Sample program output is below.

$ qsmm-example-maze-asm -1
nstate 512
visit 1: ngf 0, path_pass 94, path_total 94, ngf/path_total 0.00000000
visit 2: ngf 0, path_pass 706, path_total 800, ngf/path_total 0.00000000
...
visit 101: ngf 19, path_pass 640, path_total 87374, ngf/path_total 0.00021746
visit 102: ngf 19, path_pass 962, path_total 88336, ngf/path_total 0.00021509
...
visit 199: ngf 37, path_pass 90, path_total 178714, ngf/path_total 0.00020703
visit 200: ngf 37, path_pass 726, path_total 179440, ngf/path_total 0.00020620

$ qsmm-example-maze-asm 1
nstate 512
visit 1: ngf 0, path_pass 632, path_total 632, ngf/path_total 0.00000000
visit 2: ngf 1, path_pass 2252, path_total 2884, ngf/path_total 0.00034674
...
visit 101: ngf 88, path_pass 266, path_total 51398, ngf/path_total 0.00171213
visit 102: ngf 89, path_pass 266, path_total 51664, ngf/path_total 0.00172267
...
visit 199: ngf 186, path_pass 468, path_total 82666, ngf/path_total 0.00225002
visit 200: ngf 187, path_pass 338, path_total 83004, ngf/path_total 0.00225290

The above pieces of output show that the average amount of gold found per one move in the labyrinth in adaptive mode of program operation with random seed 1 without using the profile assembler program is about 11 times greater than in random mode of program operation.

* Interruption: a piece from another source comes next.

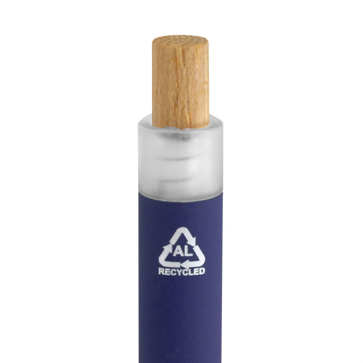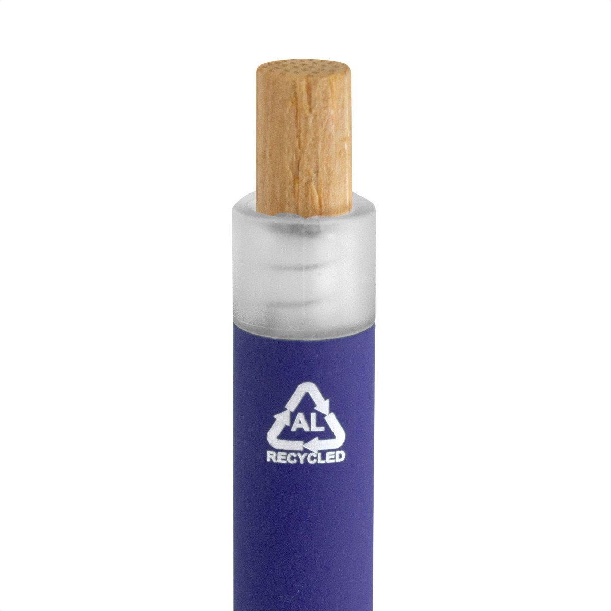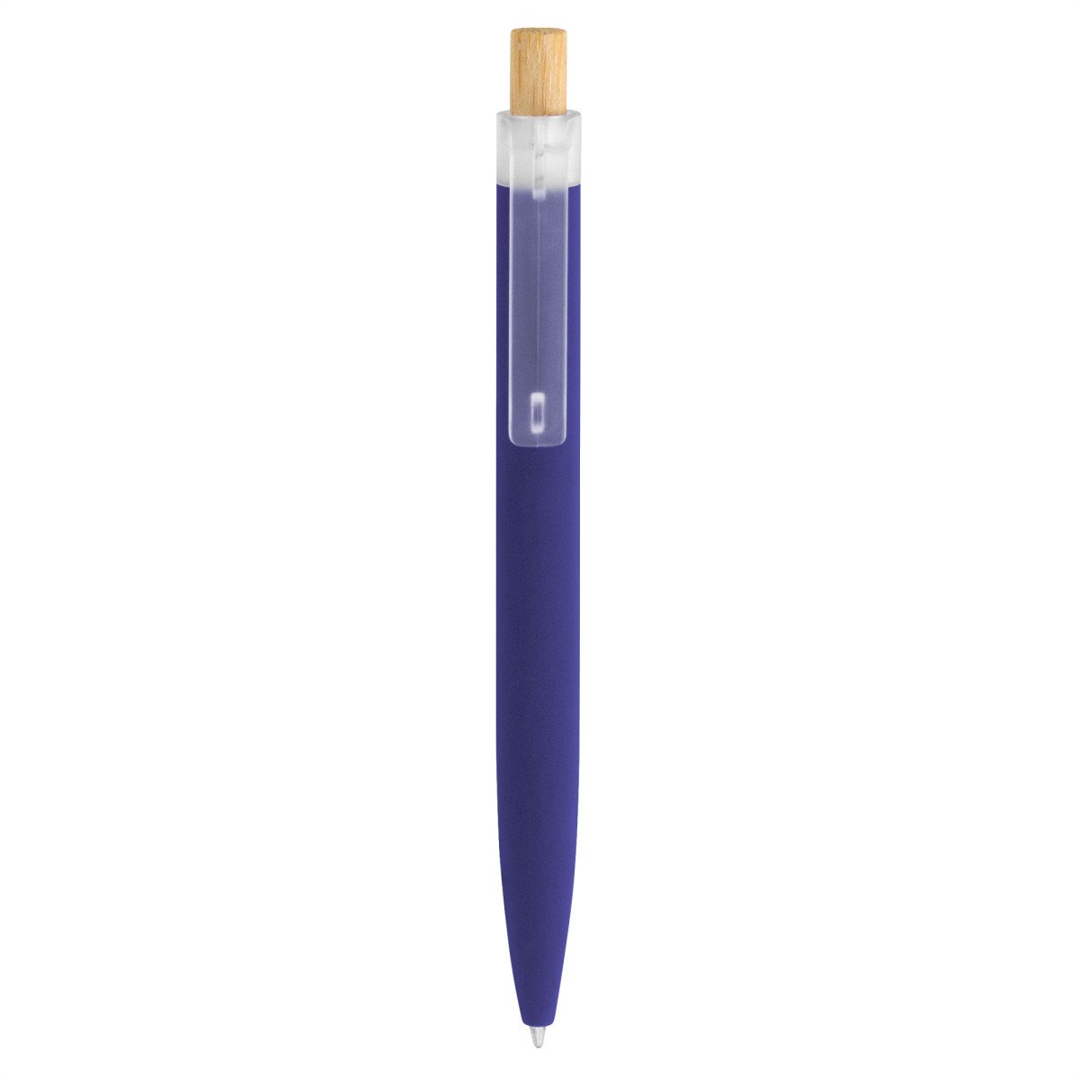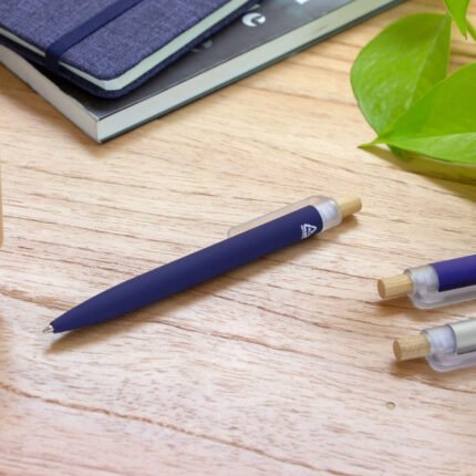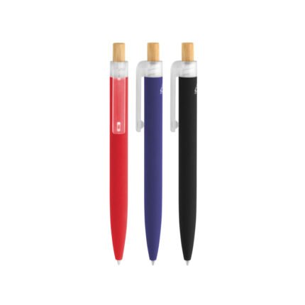 Fusiona lo moderno, elegante y ecológico.Bolígrafo retráctil. Cuerpo de aluminio en diferentes colores, acabado mate engomado, muy suave al tacto. Botón pulsador de bambú. Clip plástico transparente con terminación frosty. Medidas: 1,6 x 13,4 cm.

$ qsmm-example-maze-asm -1 "$prefix/share/qsmm/samples/maze.asm"
visit 1: ngf 1, path_pass 3086, path_total 3086, ngf/path_total 0.00032404
visit 2: ngf 1, path_pass 274, path_total 3360, ngf/path_total 0.00029762
...
visit 101: ngf 17, path_pass 768, path_total 92636, ngf/path_total 0.00018351
visit 102: ngf 17, path_pass 898, path_total 93534, ngf/path_total 0.00018175
...
visit 199: ngf 43, path_pass 132, path_total 192766, ngf/path_total 0.00022307
visit 200: ngf 43, path_pass 118, path_total 192884, ngf/path_total 0.00022293

$ qsmm-example-maze-asm 1 "$prefix/share/qsmm/samples/maze.asm"
visit 1: ngf 1, path_pass 3086, path_total 3086, ngf/path_total 0.00032404
visit 2: ngf 2, path_pass 52, path_total 3138, ngf/path_total 0.00063735
...
visit 101: ngf 101, path_pass 52, path_total 8286, ngf/path_total 0.01218923
visit 102: ngf 102, path_pass 52, path_total 8338, ngf/path_total 0.01223315
...
visit 199: ngf 199, path_pass 52, path_total 13382, ngf/path_total 0.01487072
visit 200: ngf 200, path_pass 52, path_total 13434, ngf/path_total 0.01488760

The above pieces of output show that the average amount of gold found per one move in the labyrinth in adaptive mode of program operation with random seed 1 and the use of the profile assembler program is about 67 times greater than in random mode of program operation.